Posted on Sunday, July 29, 2007 at 10:37PM by Registered CommenterSteveB | Comments Off

Cooroy RAG 

 27 JUL 2007

BE warned - images of the Mary River choked with weed could indeed be a crystal ball glance at the future, should dual events occur. If river flows con­tinue to be compromised by a lack of rain events, or by the building of the flawed Traveston Crossing Dam, these “dead zones” could join to become a continuous strip of lifeless water cut­ting through neighbouring shires. Catchment officer Steve Burgess does not exaggerate when he says this is a major disaster just hanging in the balance.

“Of course weeds in the river is not a new problem, but we are looking at a system which has not received flush­ing flows for two years now.

“The levels of invasive floating weeds - water hyacinth and salvinia - are collecting in these big rafts and beneath them is no light~or oxygen, nothing can surface or dive through this mass.” The floating mats are the obvious sign of an impending prob­lem, but waiting in the wings is an even greater concern, with small colonies of the weeds tucked into banks in all the tributary creeks along the Mary River’s 300-kilometre length.

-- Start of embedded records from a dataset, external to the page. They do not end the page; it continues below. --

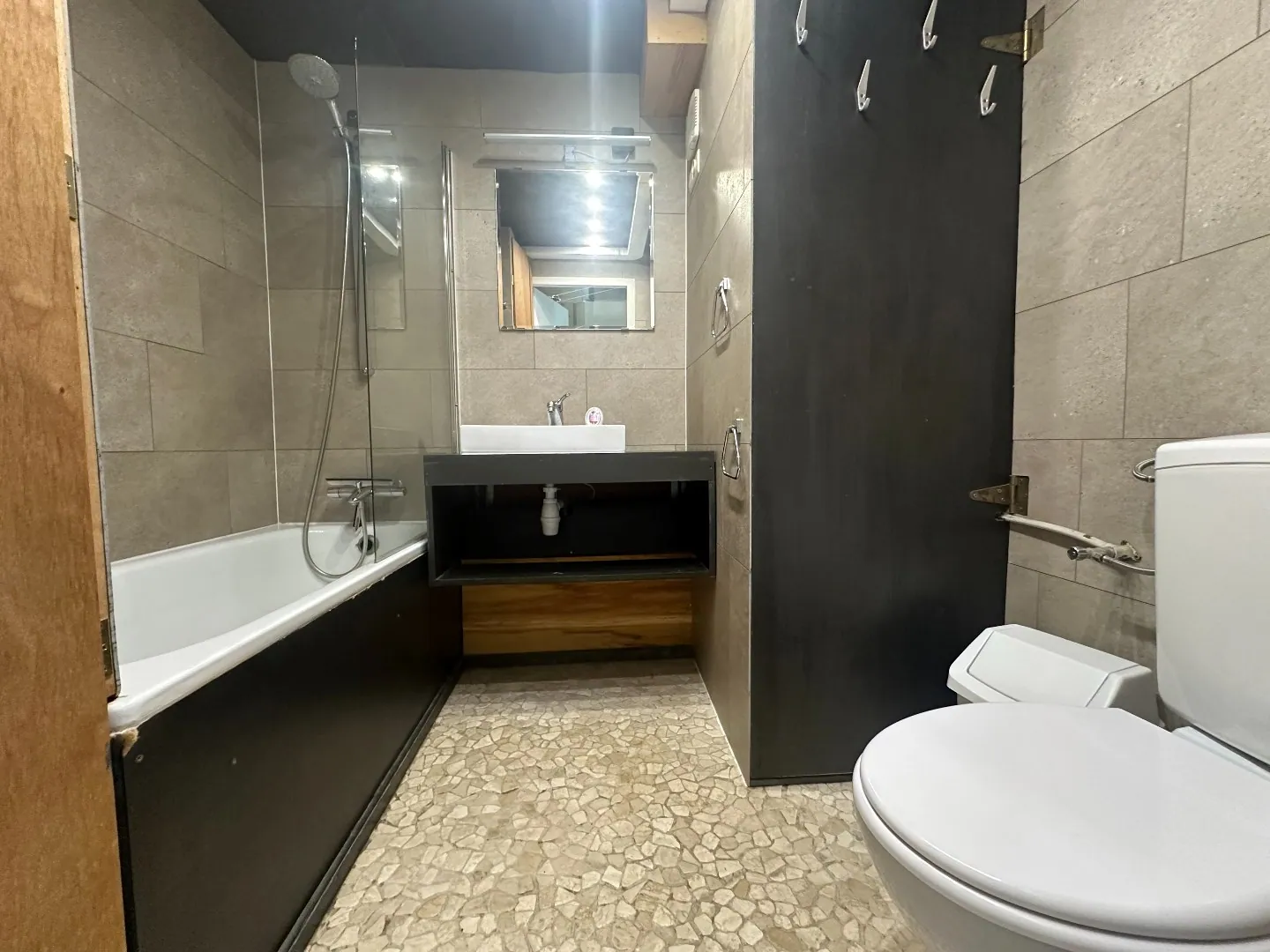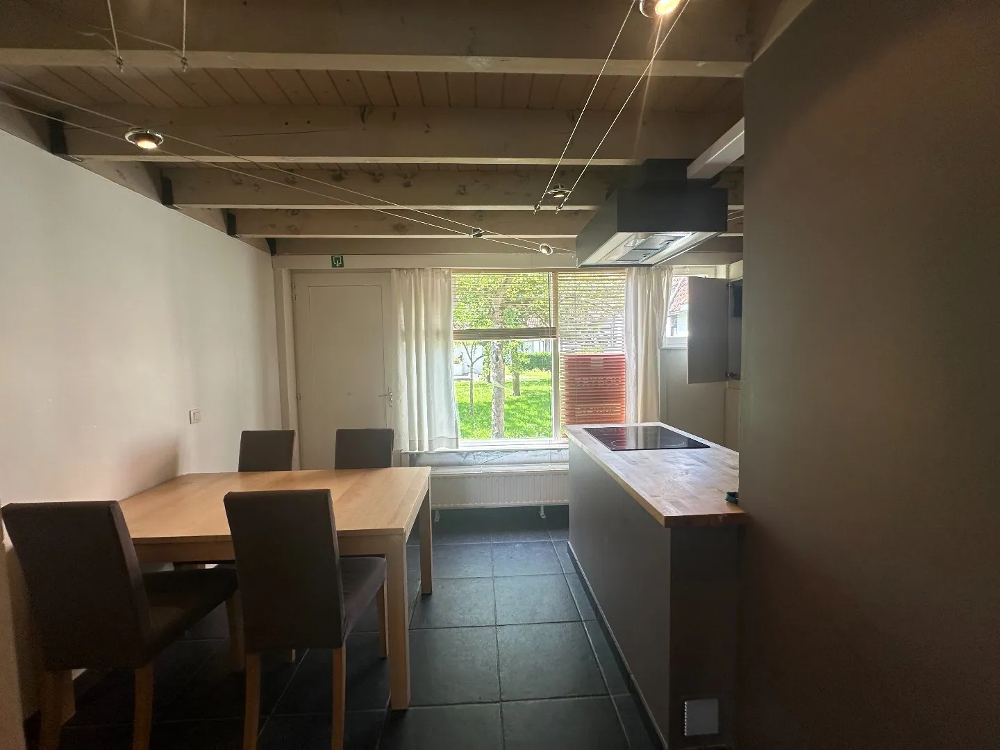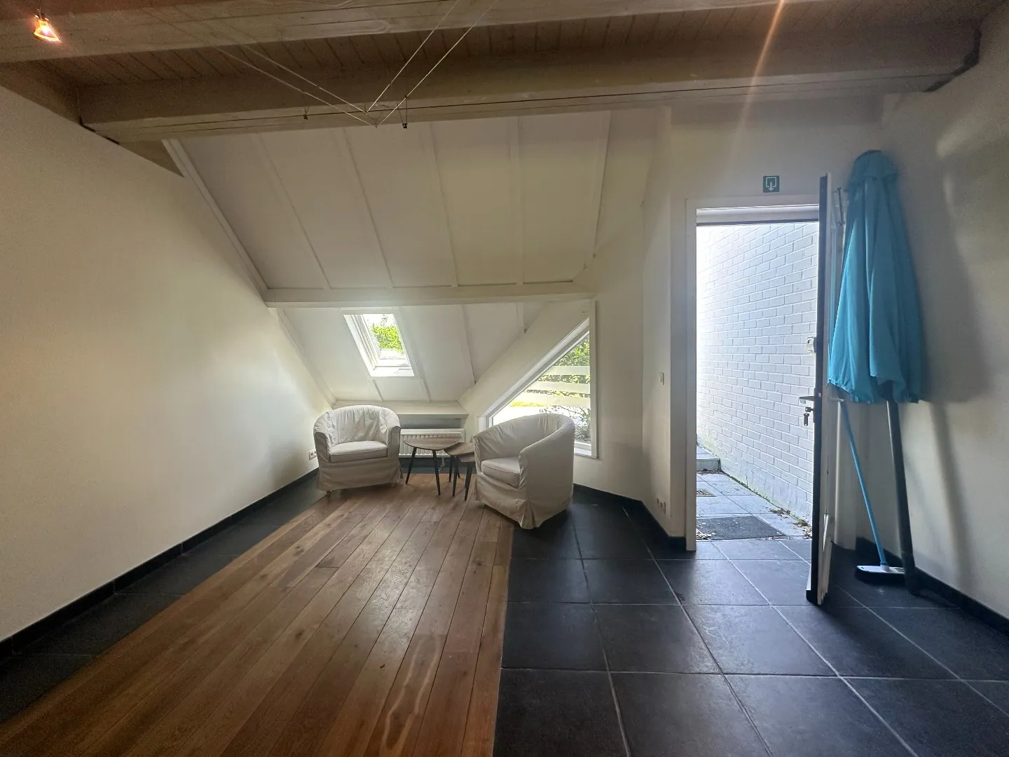Leefruimte met open, volledige ingerichte keuken - eetplaats - toilet - badkamer met ligbad (mogelijkheid tot douche) - 2 slaapkamers - gezellige tuin.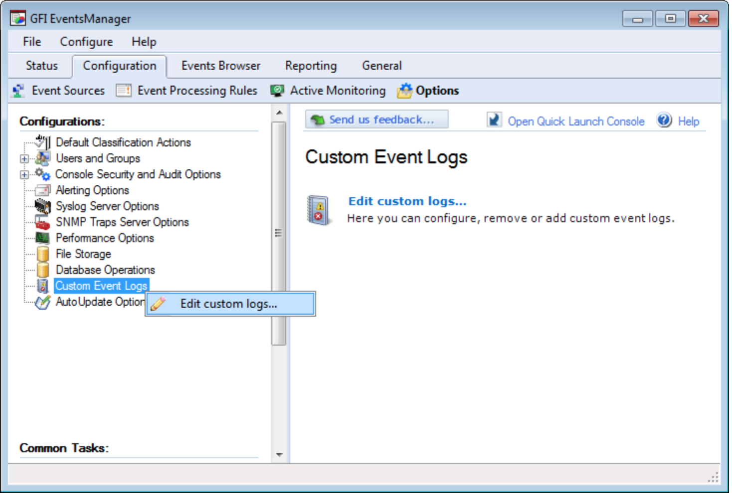 - From Configurations, right-click Custom Event Logs and select Edit custom logs…
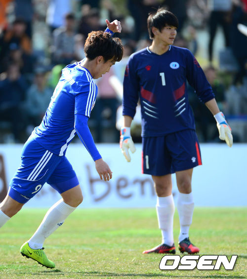 29일 경상북도 경산 영남대학교에서 열린 '2013 카페베네 U리그' 개막전 영남대와 부경대의 경기, 후반전 영남대 장순규가 역전골을 성공시키고 환호하고 있다.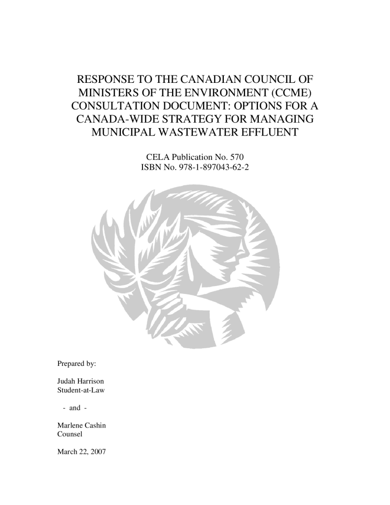 Response to the Canadian Council of ministers of the Environment (CCME) consultation document: Options for a Canada-wide strategy for managing municipal wastewater effluent

Mr Burgess predicts that a major flow event will flush these out Ito converge and create an even bigger problem for groups like the catchment committee. He estimates some seven kilometres of river near Gympie, including stretches at Widgee Crossing, are se­verely affected by the weed, which is floating in whole sections up to two kilometres long.

There has been on-going control of a similar problem at the river barrage near Tiaro, using mechanical harvest­ing and spraying, but Mr Burgess said an integrated approach along the whole river “from top to bottom” needed to be fast-tracked.

“There are people working towards this result, but what makes it difficult at the moment is the low flushing flows in the river,” he said.

“And that will be a major problem if the Traveston Crossing Dam goes ahead - this will become the usual state of the river, and this is what the sur­face of the dam could look like.”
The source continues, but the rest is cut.